_RECORDED INFORMATION_.
----
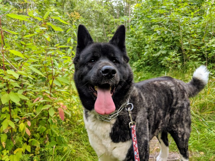 Asha’s energy level has mellowed out as she’s become older. She still has a bit of puppy left in her and I think she always will. Her breed, an American Akita is typically not a hyper, high-energy dog and does well with a daily 30-minute walk. We go for longer walks when we have time.
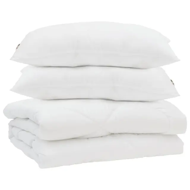 • Vključene komponente Poleg odeje dobite še dve blazini. Vsaka je izdelana iz kombinacije bombaža in poliestra ter napolnjena s poliestrskimi vlakni. Te komponente nudijo celovito podporo za tvojo glavo in vrat, kar prinaša dodatno sprostitev med počitkom.
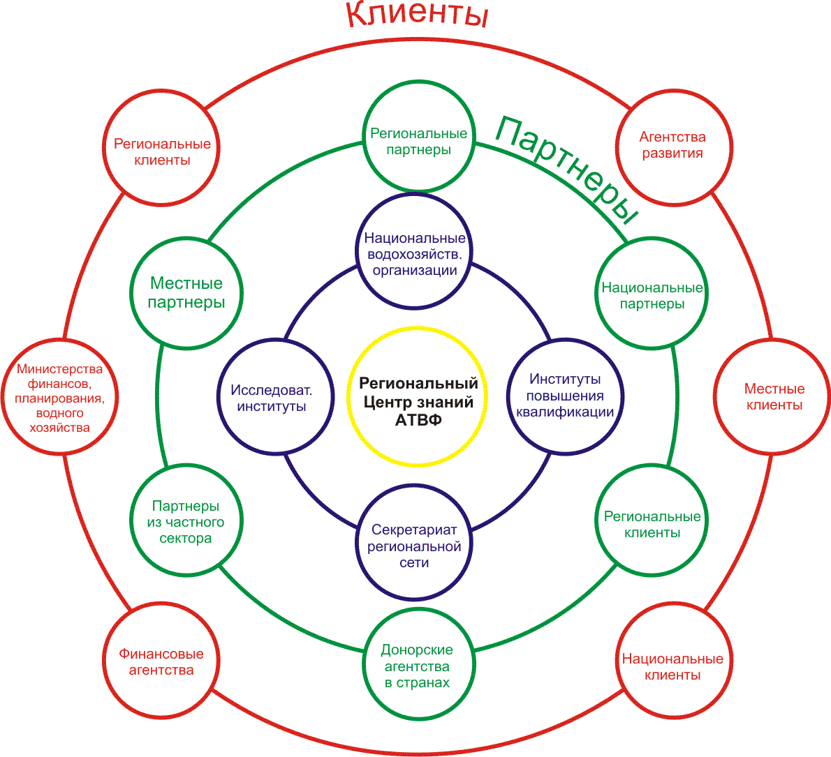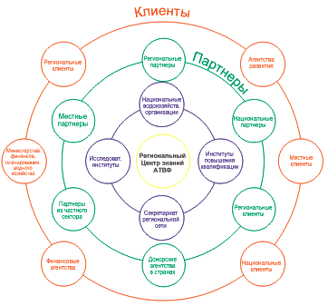 Одним из принципов работы центров является отношение к взаимодействию и сотрудничеству. Персонал центров регулярно встречается с сетью клиентов и партнеров для обсуждения и обмена опытом, генерируя идеи и решения. Таким образом, клиентам региональных центров знаний по воде передаются знания и решения, выработанные мировым сообществом, из которых они могут выбрать наиболее подходящее.
----
What this calls for is a word-for-word copy of the listing above, pictures excluded.

 Asha’s energy level has mellowed out as she’s become older. She still has a bit of puppy left in her and I think she always will. Her breed, an American Akita is typically not a hyper, high-energy dog and does well with a daily 30-minute walk. We go for longer walks when we have time.
 • Vključene komponente Poleg odeje dobite še dve blazini. Vsaka je izdelana iz kombinacije bombaža in poliestra ter napolnjena s poliestrskimi vlakni. Te komponente nudijo celovito podporo za tvojo glavo in vrat, kar prinaša dodatno sprostitev med počitkom.
 Одним из принципов работы центров является отношение к взаимодействию и сотрудничеству. Персонал центров регулярно встречается с сетью клиентов и партнеров для обсуждения и обмена опытом, генерируя идеи и решения. Таким образом, клиентам региональных центров знаний по воде передаются знания и решения, выработанные мировым сообществом, из которых они могут выбрать наиболее подходящее.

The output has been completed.